_ACTIVITY_
Your copy should contain exactly the lines from the start of the listing through the line that holds "Pair Dental Suit", and no pictures.

_MATERIAL PROVIDED_
%%

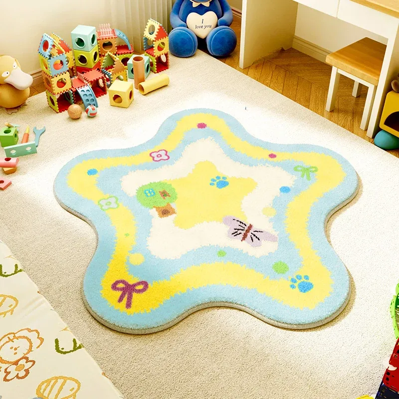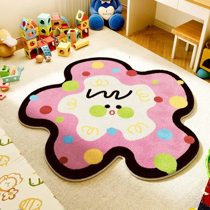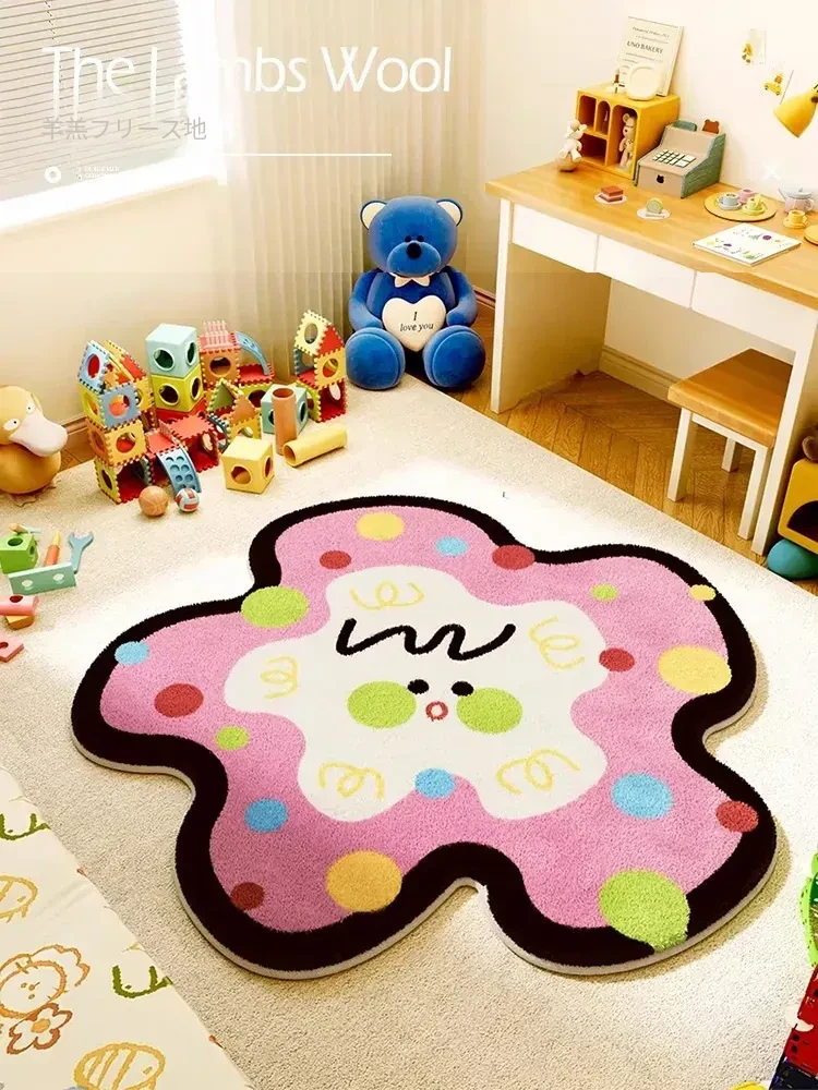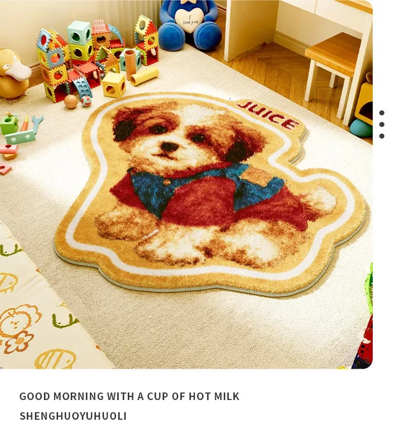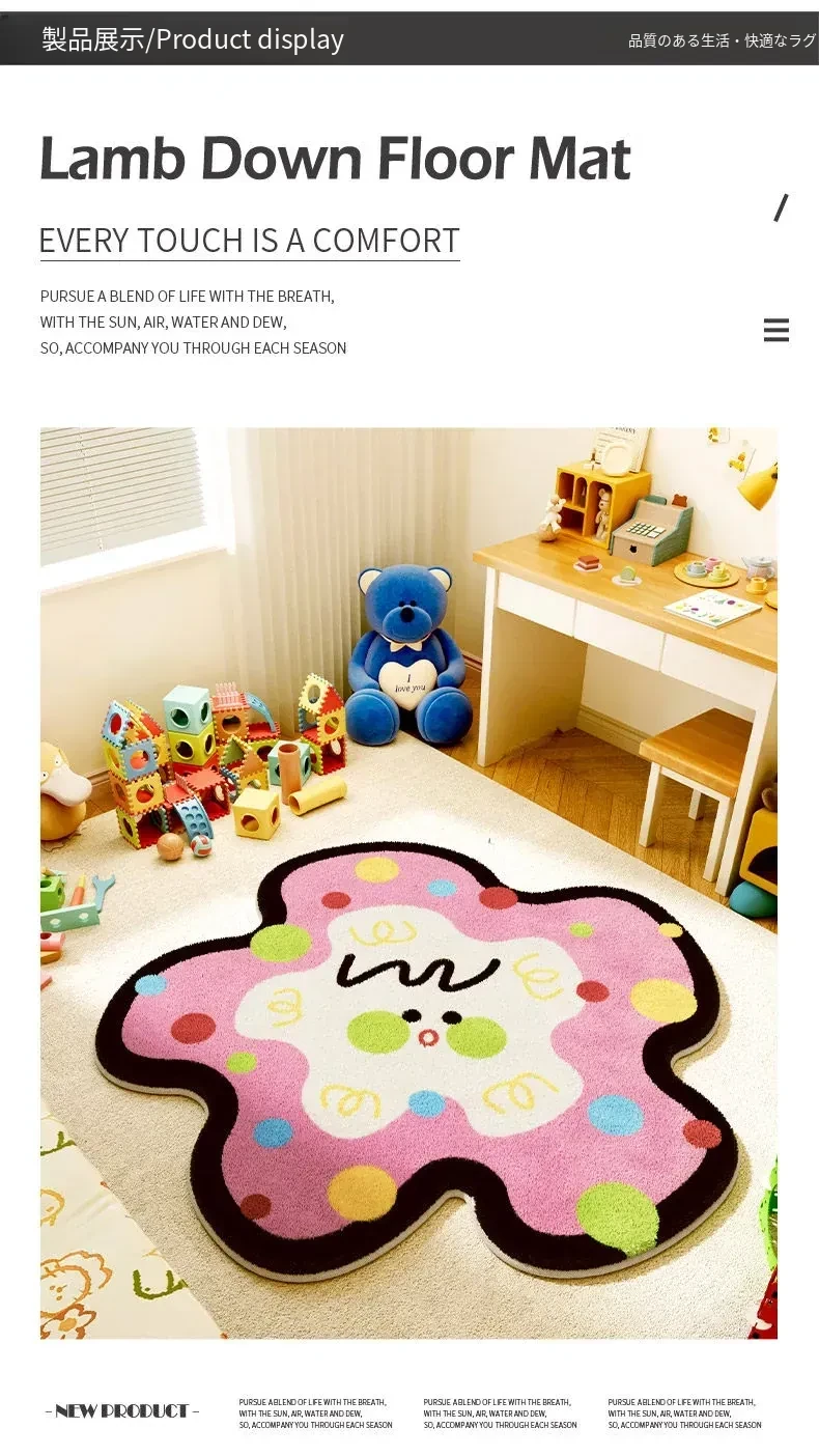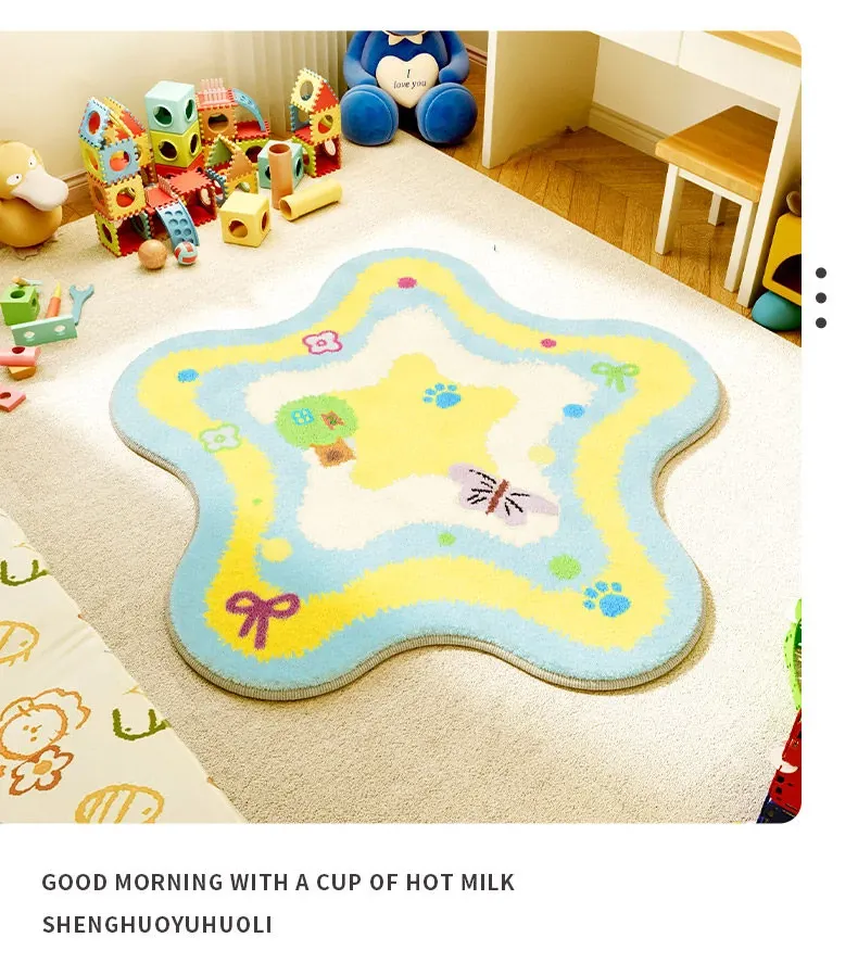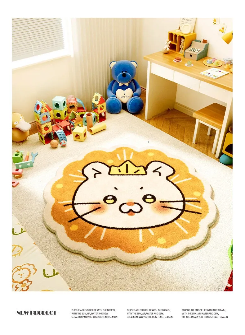 ユニークな子供部屋用ラグマット - ふわふわのベッドサイドマット、温かみのあるお部屋作りにぴったり!読書コーナーやカートゥーンデザインで、楽しい空間を演出します。
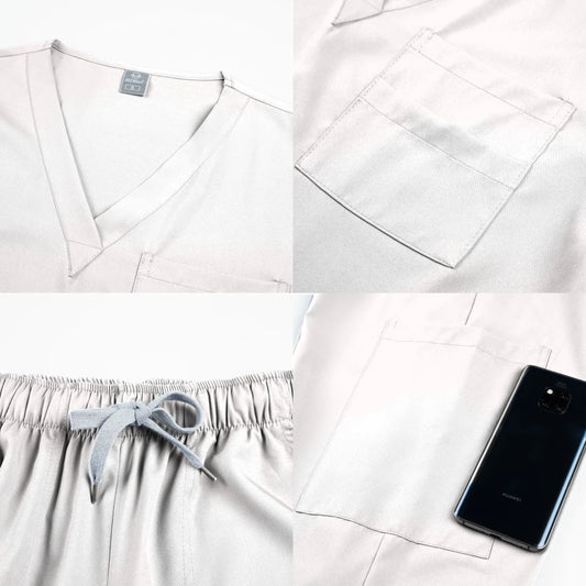 • Button Closure and waist retraction Scrub Set Medical Uniforms Nurse Clothes Women Round Neck Surgical Workwear Pair Dental Suit
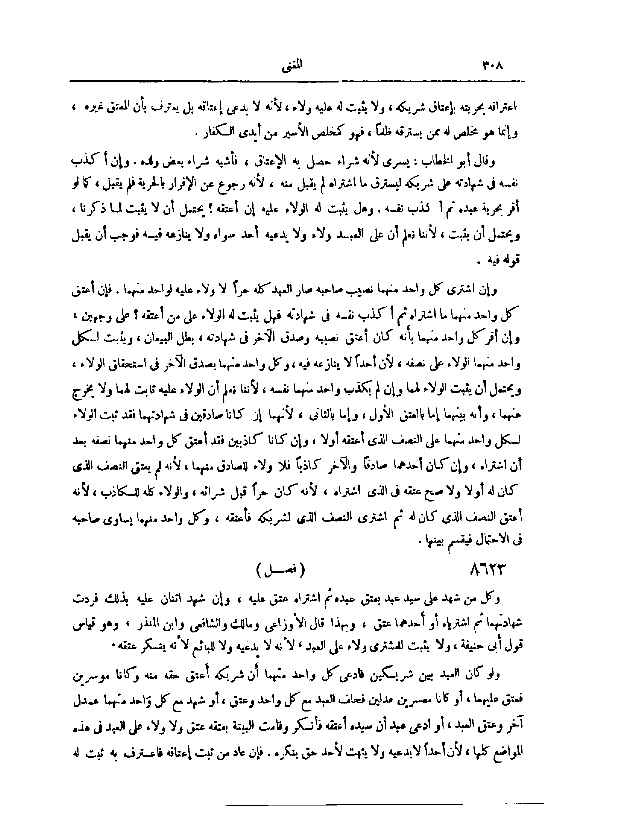 (٨٥٩٢) فَصْلٌ وَكُلُّ مَنْ شَهِدَ عَلَى سَيِّدِ عَبْدٍ بِعِتْقِ عَبْدِهِ ثُمَّ اشْتَرَاهُ عَتَقَ عَلَيْهِ، وَإِنْ شَهِدَ اثْنَانِ عَلَيْهِ بِذَلِكَ فَرُدَّتْ شَهَادَتُهُمَا ثُمَّ اشْتَرَيَاهُ أَوْ أَحَدُهُمَا عَتَقَ، وَبِهَذَا قَالَ الْأَوْزَاعِيُّ وَمَالِكٌ وَالشَّافِعِيُّ وَابْنُ الْمُنْذِرِ، وَهُوَ قِيَاسُ قَوْلِ أَبِي حَنِيفَةَ، وَلَا يَثْبُتُ لِلْمُشْتَرِي وَلَاءٌ عَلَى الْعَبْدِ لِأَنَّهُ لَا يَدَّعِيه وَلَا لِلْبَائِعِ لِأَنَّهُ يُنْكِرُ عِتْقَهُ، وَلَوْ كَانَ الْعَبْدُ بَيْنَ شَرِيكَيْنِ فَادَّعَى كُلُّ وَاحِدٍ مِنْهُمَا أَنَّ شَرِيكَهُ أَعْتَقَ حَقَّهُ مِنْهُ وَكَانَا مُوسِرَيْنِ فَعَتَقَ عَلَيْهِمَا أَوْ كَانَا مُعْسِرَيْنِ عَدْلَيْنِ فَحَلَفَ الْعَبْدُ مِنْ كُلِّ وَاحِدٍ وَعَتَقَ، أَوْ شَهِدَ مَعَ كُلِّ وَاحِدٍ مِنْهُمَا عَدْلٌ آخَرُ وَعَتَقَ الْعَبْدُ أَوْ ادَّعَى عَبْدٌ أَنَّ سَيِّدَهُ أَعْتَقَهُ فَأَنْكَرَ وَقَامَتْ الْبَيِّنَةُ بِعِتْقِهِ عَتَقَ، وَلَا وَلَاءَ عَلَى الْعَبْدِ فِي هَذِهِ الْمَوَاضِعِ كُلِّهَا لِأَنَّ أَحَدًا لَا يَدَّعِيه، وَلَا يَثْبُتُ لِأَحَدٍ حَقٌّ يُنْكِرُهُ، فَإِنْ عَادَ مَنْ ثَبَتَ إعْتَاقُهُ فَاعْتَرَفَ بِهِ ثَبَتَ لَهُ
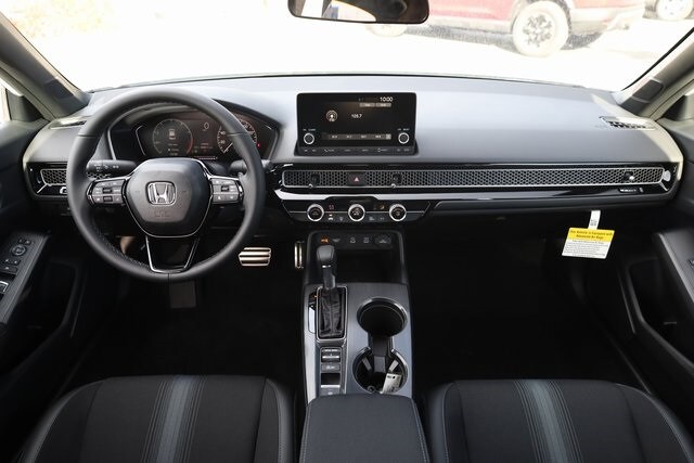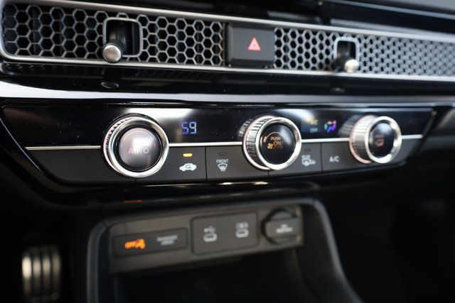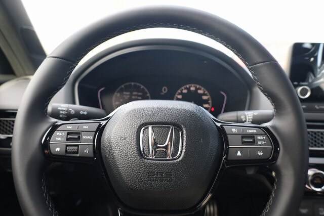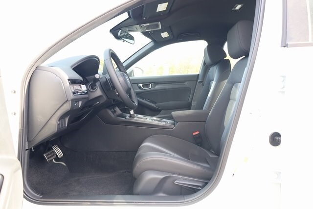This Civic is well equipped with Black Artificial Leather, 4-Wheel Disc Brakes, 8 Speakers, ABS brakes, Adaptive Cruise Control: Adaptive Cruise Control (ACC) with Low-Speed Follow, Air Conditioning, Alloy wheels, AM/FM radio, Apple CarPlay/Android Auto, Auto High-beam Headlights, Automatic temperature control, Blind Spot Information (BSI) System warning, Brake assist, Bumpers: body-color, Cloth/Leatherette Seating Surfaces, Delay-off headlights, Driver door bin, Driver vanity mirror, Dual front impact airbags, Dual front side impact airbags, Electronic Stability Control, Emergency communication system: HondaLink, Exterior Parking Camera Rear, Four wheel independent suspension, Front anti-roll bar, Front Bucket Seats, Front Center Armrest, Front reading lights, Fully automatic headlights, Heated door mirrors, Illuminated entry, Knee airbag, Leather Shift Knob, Leather steering wheel, Low tire pressure warning, Occupant sensing airbag, Outside temperature display, Overhead airbag, Panic alarm, Passenger door bin, Passenger vanity mirror, Power door mirrors, Power steering, Power windows, Radio data system, Radio: 180-Watt Audio System, Rear anti-roll bar, Rear seat center armrest, Rear side impact airbag, Rear window defroster, Remote keyless entry, Security system, Speed control, Speed-sensing steering, Split folding rear seat, Steering wheel mounted audio controls, Tachometer, Telescoping steering wheel, Tilt steering wheel, Traction control, Trip computer, and Wheels: 18" Gloss Black Alloy.

%%

_EXERCISE OUTPUT_
 ユニークな子供部屋用ラグマット - ふわふわのベッドサイドマット、温かみのあるお部屋作りにぴったり!読書コーナーやカートゥーンデザインで、楽しい空間を演出します。
 • Button Closure and waist retraction Scrub Set Medical Uniforms Nurse Clothes Women Round Neck Surgical Workwear Pair Dental Suit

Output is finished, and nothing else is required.